Disclaimer: I am not a medical professional and this is not medical advice.
A recent study provides further confirmation that HRT usage does not necessarily preclude fertility. Leung et al. (2019) examined the outcomes of 26 trans men seeking fertility treatment, 61% of whom had taken testosterone for an average of 3.7 years. These trans men discontinued testosterone for an average of 4 months before undergoing ovarian stimulation for the purpose of fertility preservation (cryopreservation of eggs or embryos) or uterine transfer of embryos. Notably, the protocols used for ovarian stimulation in trans men “were the same as those used for cisgender patients; there was no unique protocol specifically tailored for transgender patients.” Trans men were matched to cisgender women for comparison by age, BMI, and levels of anti-Müllerian hormone.
In each cycle of ovarian stimulation, the cis women in the study had an average of 15.9 eggs retrieved. Not only did trans men have just as many eggs retrieved – they had significantly more.
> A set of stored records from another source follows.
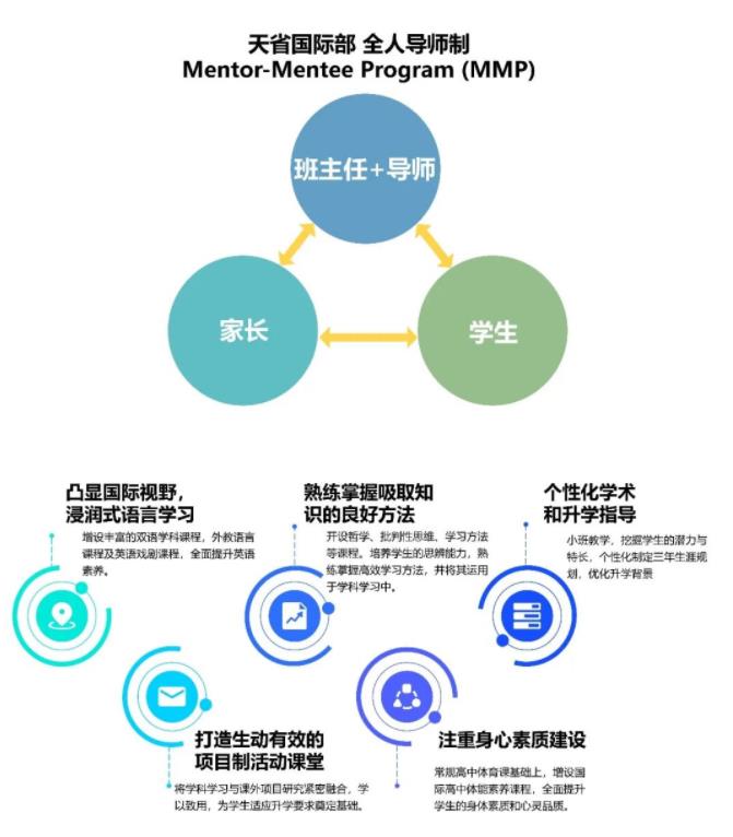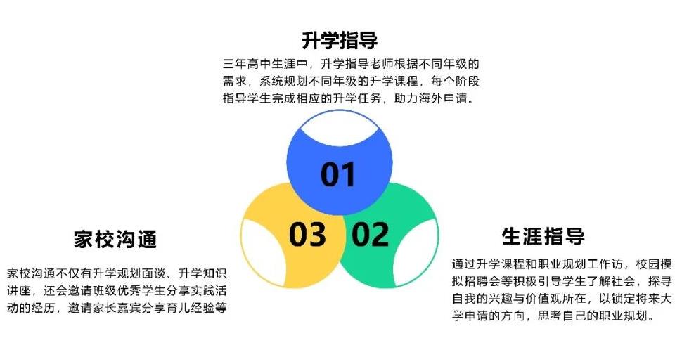 天省国际部为学生入读后提供专职升学指导老师,高中三年为每一个家庭提供专业的升学指导以及生涯指导课程和服务;积极与家长联动,定期举行线上线下的家校共育活动,帮助家长了解海外大学的申请要求,更好地配合升学指导老师完成学生的升学工作。
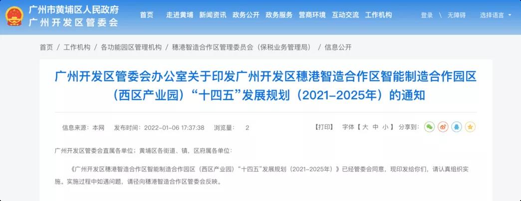 近日,广州开发区管委会办公室关于印发广州开发区穗港智造合作区智能制造合作园区(西区产业园)“十四五”发展规划(2021-2025年)的通知发布(以下简称“规划”)。
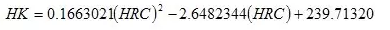 因為努氏硬度與洛氏硬度的對應(yīng)曲線類似于拋物線,故由曲線得出近似的換算公式為

On average, more oocytes were retrieved in the transgender cycles compared with cisgender cycles, and this result was statistically significant (19.9 ± 8.7 vs. 15.9 ± 9.6; P = .04; Table 2). Number of mature oocytes and peak E2 levels were similar between the two groups; however, significantly higher total doses of gonadotropins were used in the transgender stimulation cycles (Table 2).
This trend held even when examining only the outcomes of those trans men who had previously used testosterone:
A subanalysis was performed on only the transgender patients who had initiated testosterone therapy (Table 3), which showed similar results. The exception was that although the number of oocytes retrieved from these transgender patients also trended higher, the difference was not statistically significant.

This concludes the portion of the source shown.